I understand why people are annoyed. Even if (quite possibly) the higher rank fluctuation is a more accurate model of what actually happens (a lot of fluctuation, that’s what), it is annoying. It’s annoying that I can’t say “I’m x dan” when that rank can drop 2 steps due to a single sdk botter who manages to snag a game - or from playing games when I’m tired and/or tilted.
My experience from Dota 2 is fairly similar - many people lose hundreds of elo points “just to make up for that one loss that should have been a win”. Luckily on OGS it only takes those few wins to make up for the huge deficits that come from equally few losses.
Other rating systems have other problems - ranking up on IGS takes forever (about 15-20 straight wins depending on your rank), similar numbers for the Tygem/wBaduk/Fox cluster, on KGS your rank will slowly crystallize into a never-changing number, but you can also increase your (uncrystallized) rank by losing to a much stronger player in an even game.

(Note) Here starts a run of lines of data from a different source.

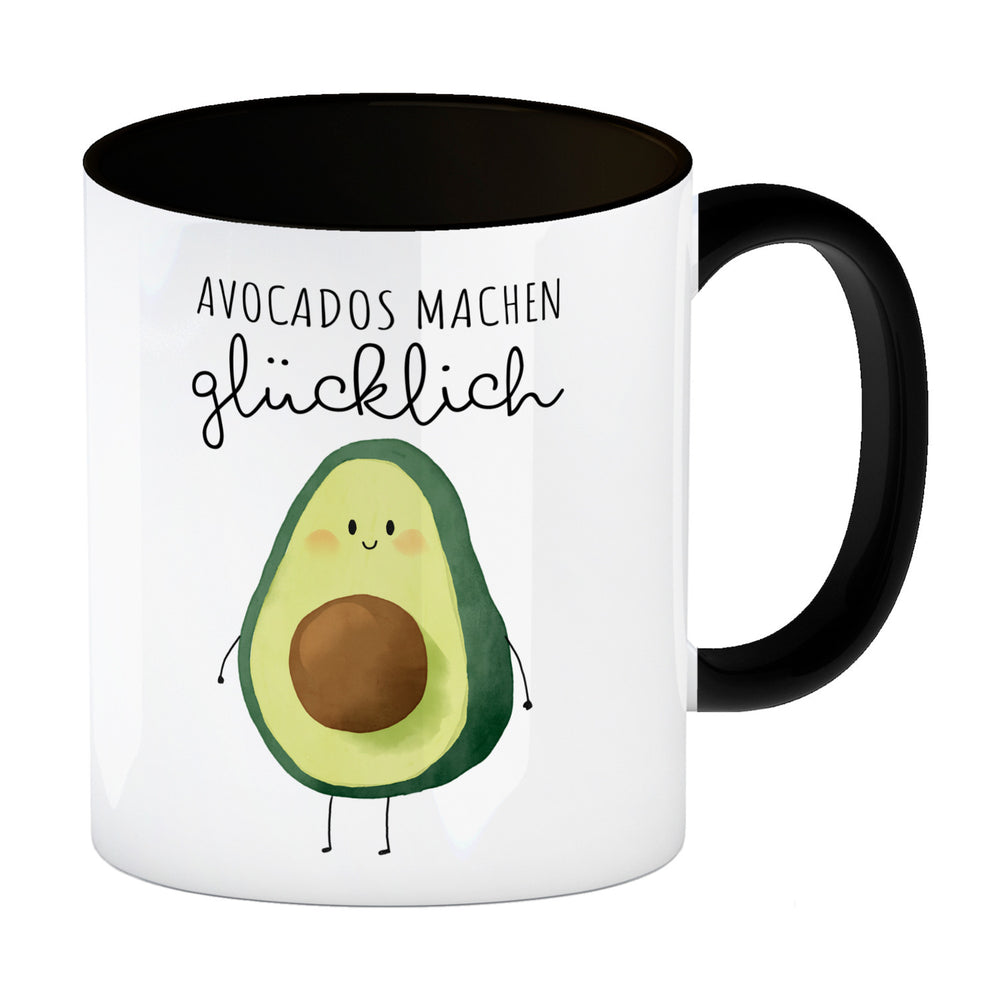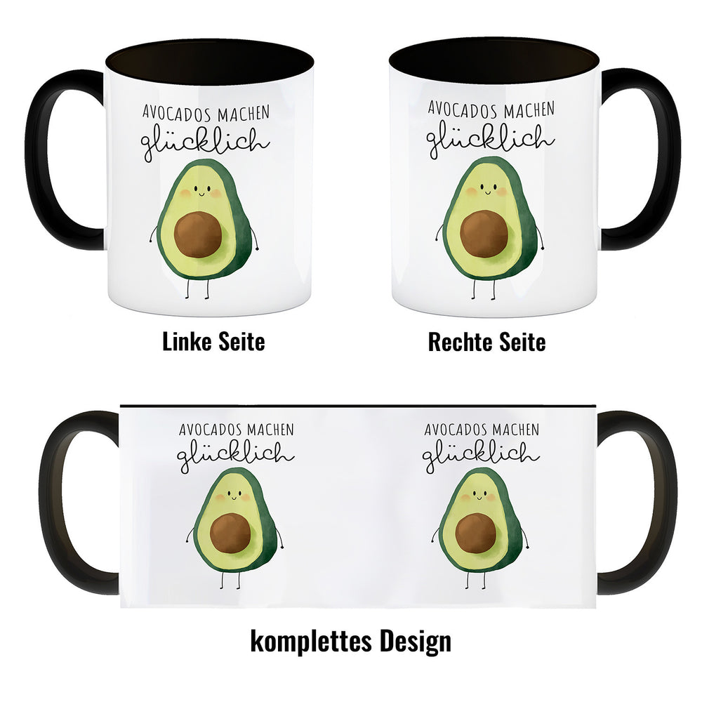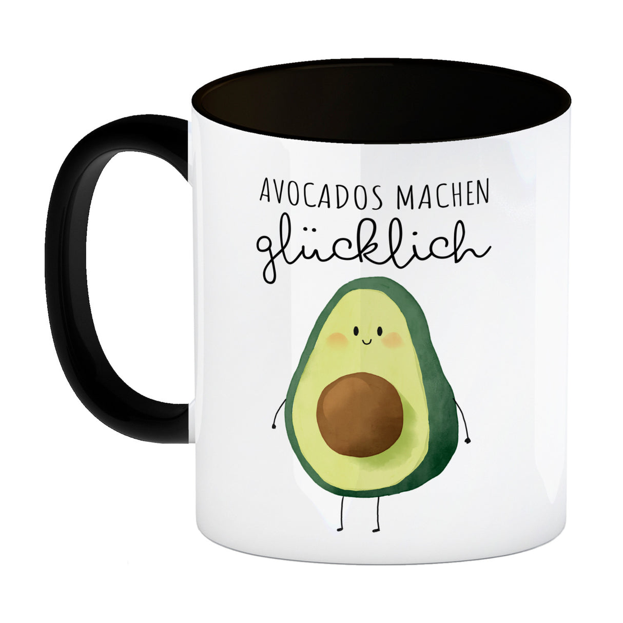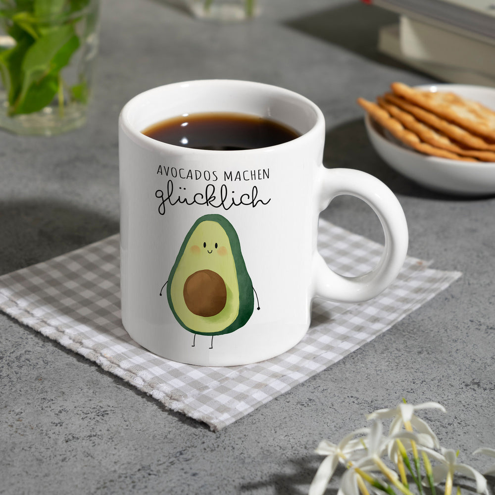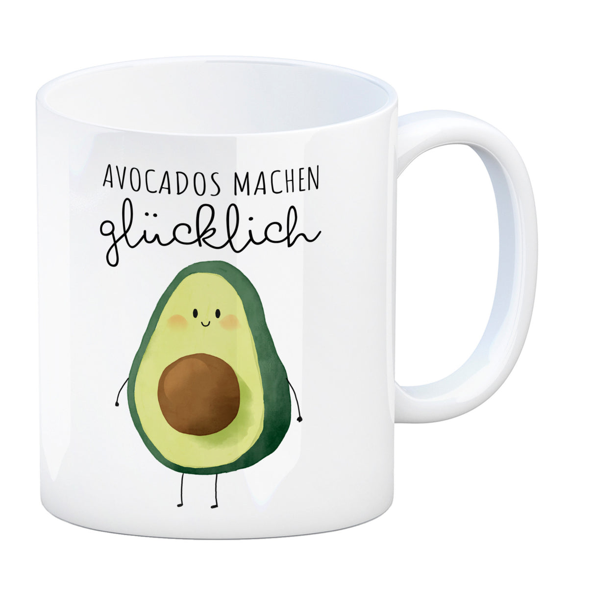 • 1x Niedliche Avocado Kaffeebecher mit Spruch Avocados machen glücklich in der gewählten Ausführung
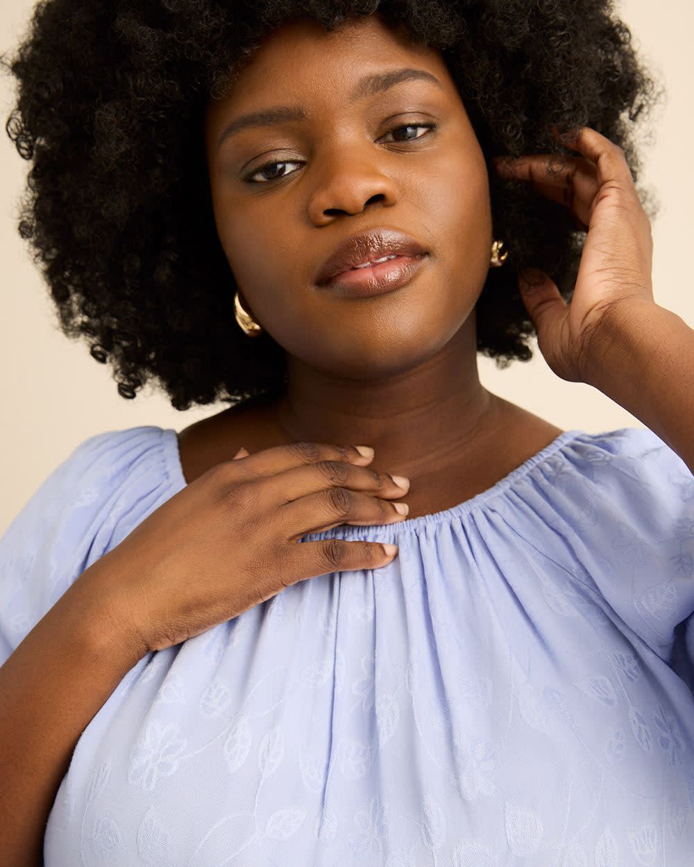 Bring a touch of modern romance to your everyday style with this plus-size blouse with puffed sleeves. Its flattering square neckline and gentle swing silhouette create an effortless, curve-loving fit that feels as beautiful as it looks.
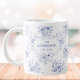 Taza De Café Gigante Monogrammed Classic Blue Flowers Floral Pattern
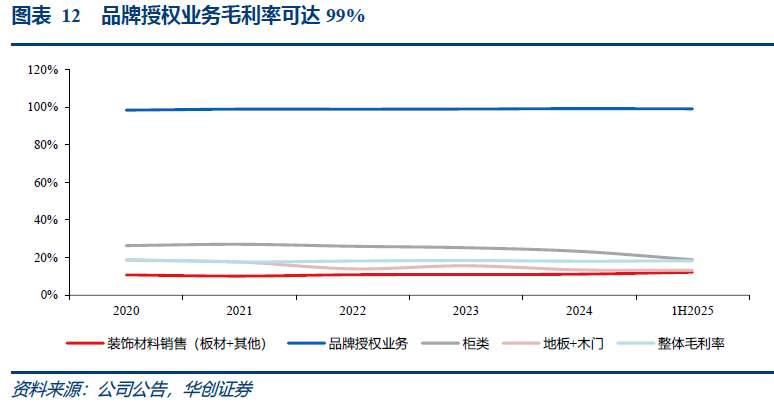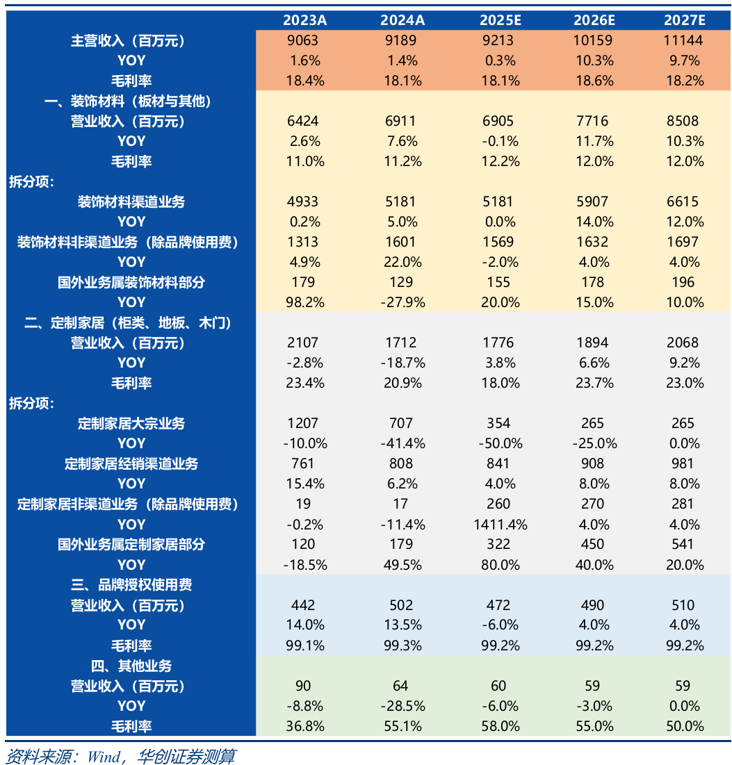 品牌授权业务:毛利率稳定,规模增速与装饰板材销售体量相关性高,预计2025-2027年营收增速为-6.0%、4.0%、4.0%,毛利率均为99.2%。
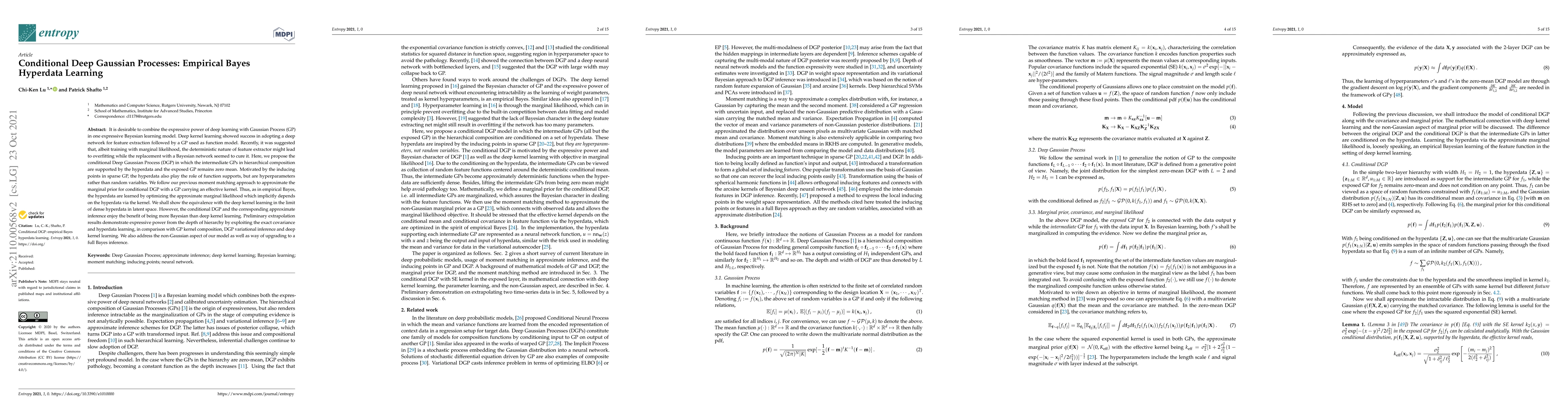 This paper proposes a Conditional Deep Gaussian Process (DGP) that integrates the strengths of deep learning and Gaussian Processes (GPs) within a Bayesian framework. The model uses hyperdata to support intermediate GPs, which are optimized via empirical Bayes to mitigate overfitting, demonstrating improved performance over deep kernel learning.
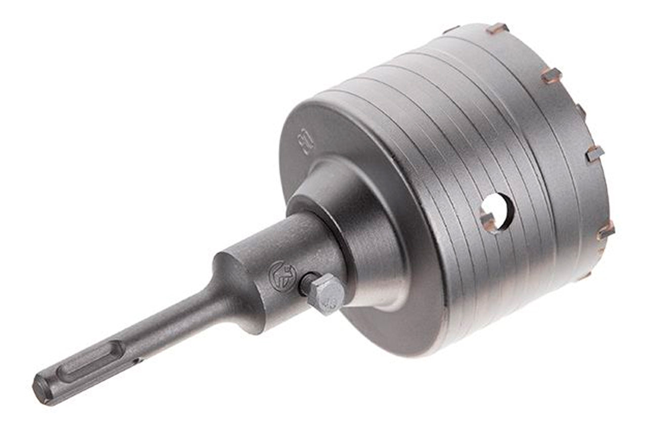 Сверло корончатое (фреза) по бетону "Intertool" с твердосплавными победитовыми напайками, напрвляющим сверлом и хвостовиком SDS+. Материал - сталь 40Cr. Диаметр сверления - 80 мм, длина хвостовика - 100 мм. Применение: для сверления отверстий в прочных абразивных материалах, таких как кирпич, бетон, пенобетон, камень и пр.
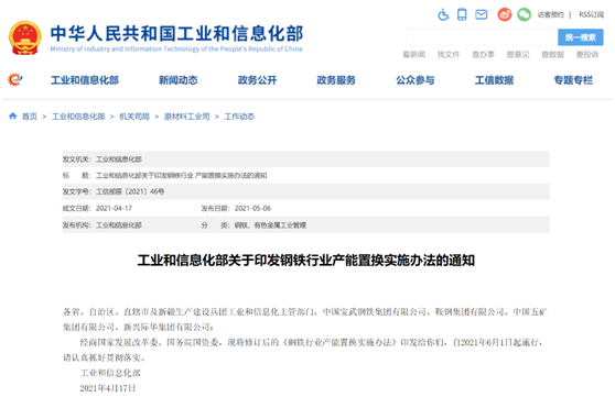 5月6日,工業和信息化部印發修訂后的《鋼鐵行業產能置換實施辦法》(下稱《實施辦法》),自2021年6月1日起施行。其中,《實施辦法》提出了大氣污染防治重點區域嚴禁增加鋼鐵產能總量,長江經濟帶地區禁止在合規園3區外新建、擴建鋼鐵冶煉項目等新增多項去產能要求。
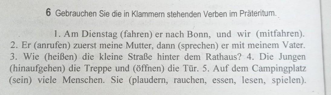 1. Am Dienstag fuhr er nach Bonn, und wir mitfuhren. 2. Er rief zuerst meine Mütter an, dann sprach er mit meinem Vater. 3. Wie hießen die kleine Straße hinter dem Rathaus? 4. Die Kinder gingen die Treppe hinauf und öffneten die Tür. 5. Auf dem Campingplatz waren viele Menschen. Sie plauderten, rauchten, aßen, lasen, spielten.
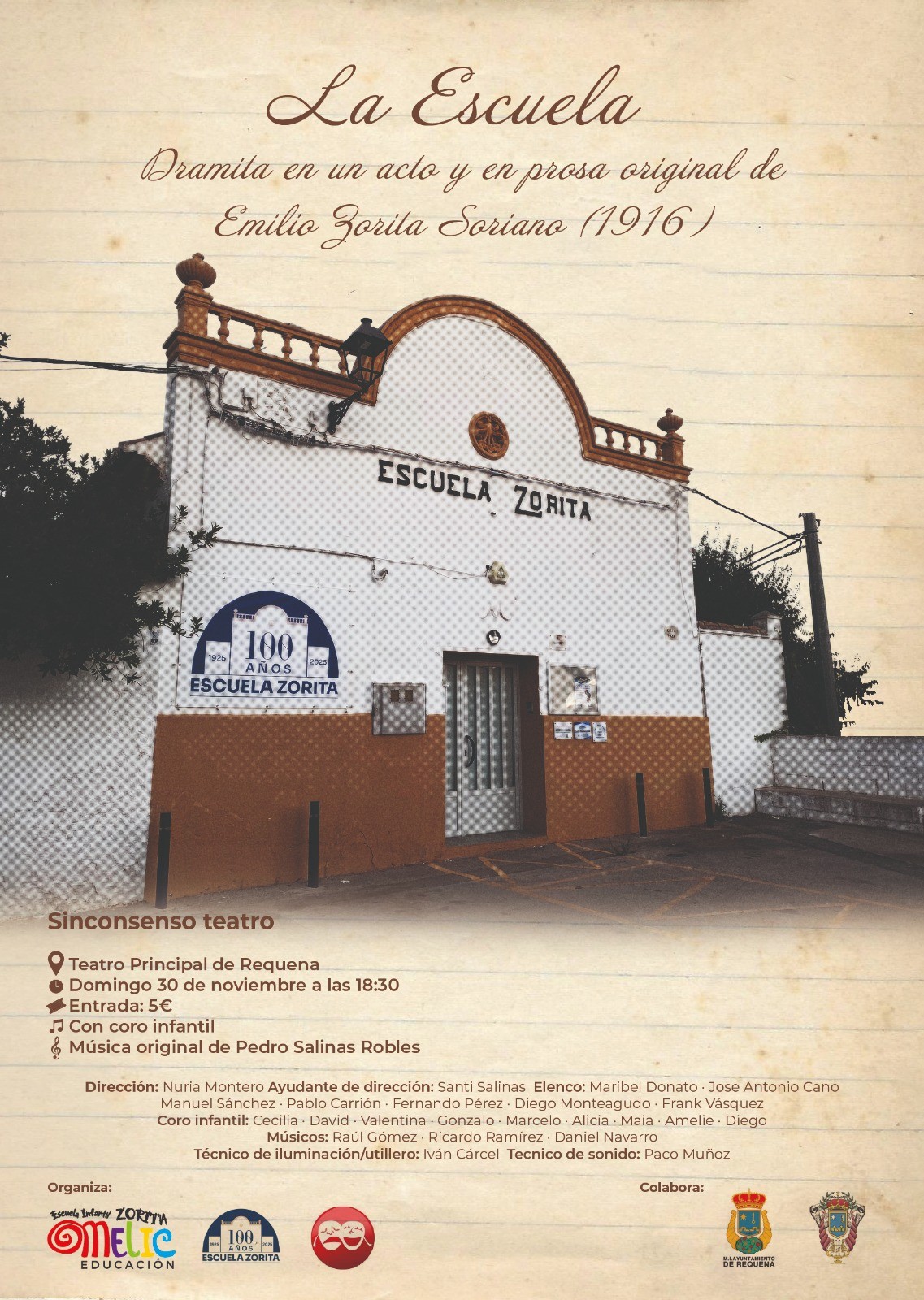 El próximo domingo, 30 de noviembre, a las 18.30 h. tendrá lugar la representación de «La Escuela» Dramita en un acto, a cargo de Sinconsenso Teatro. Esta obra de teatro fue escrita por Emilio Zorita Soriano en 1916 y representada en ese mismo año en Morella por el grupo «Juventudes Morellanas».
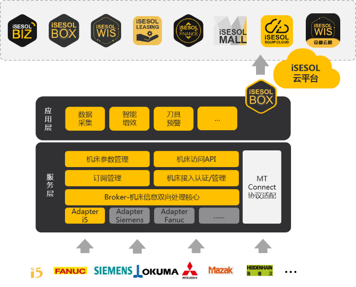 智能云科基于iSESOL BOX的數(shù)據(jù)集成能力,結(jié)合iSESOL工業(yè)互聯(lián)網(wǎng)平臺的云服務(wù),為用戶提供在線產(chǎn)能交易、裝備全生命周期數(shù)據(jù)管理、工業(yè)APP等高附加值產(chǎn)品和服務(wù)。
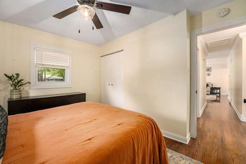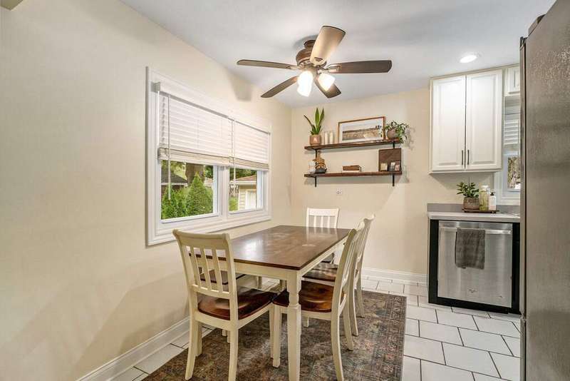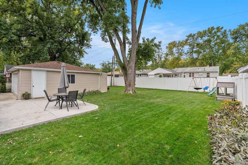 Discover comfort and convenience in this updated all-brick ranch. The main level showcases refinished hardwoods and a bright living room. An eat-in kitchen offers abundant storage; cabinetry has been refreshed and all appliances stay. The primary bedroom features a stylish accent wall, and two additional bedrooms offer recent updates. The full bath is remodeled with a brick accent wall, subway tile, and a modern vanity. Spread out in the finished basement with a remodeled half bath, oversized rec room with new flooring and paint, a gym area, and a finished laundry room with storage. Outside, enjoy a new back patio, spacious fenced yard, and 2.5-car detached garage (insulated & drywalled). Roof 2018. Close to shopping, dining, parks, entertainment, and just minutes from the IL border. Schedule your private showing today!
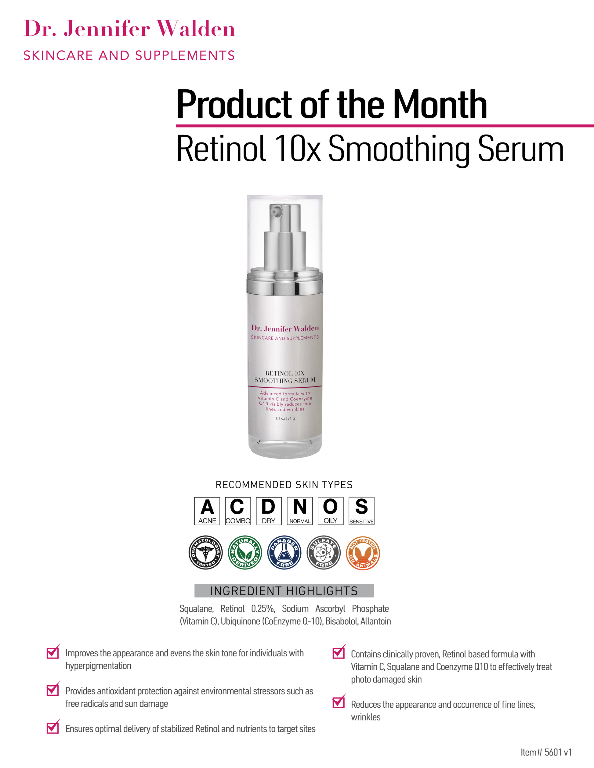 - Advanced clinically proven, Retinol-based formula with Vitamin C, Squalane and Coenzyme Q10 to selectively treat photodamaged skin

We’re all complaining about rating points we lost, but in the end, the fact that we have a rating system that allows us to rank up quickly as soon as we stop being as terrible at the game as we have been until now, sit down and actually work for it, I think that’s an advantage.
I could obviously be my fault, not necessarily a bug.
Also @mekriff could be right: it could just be a coincidence that the rating system was recalculating the batch of 15 games precisely while I was losing that single game. It could happen.
But because of the already mentioned lack of informations about these calculations, we are all just making suppositions. I still really don’t understand why our beloved devs are so shy about this topic.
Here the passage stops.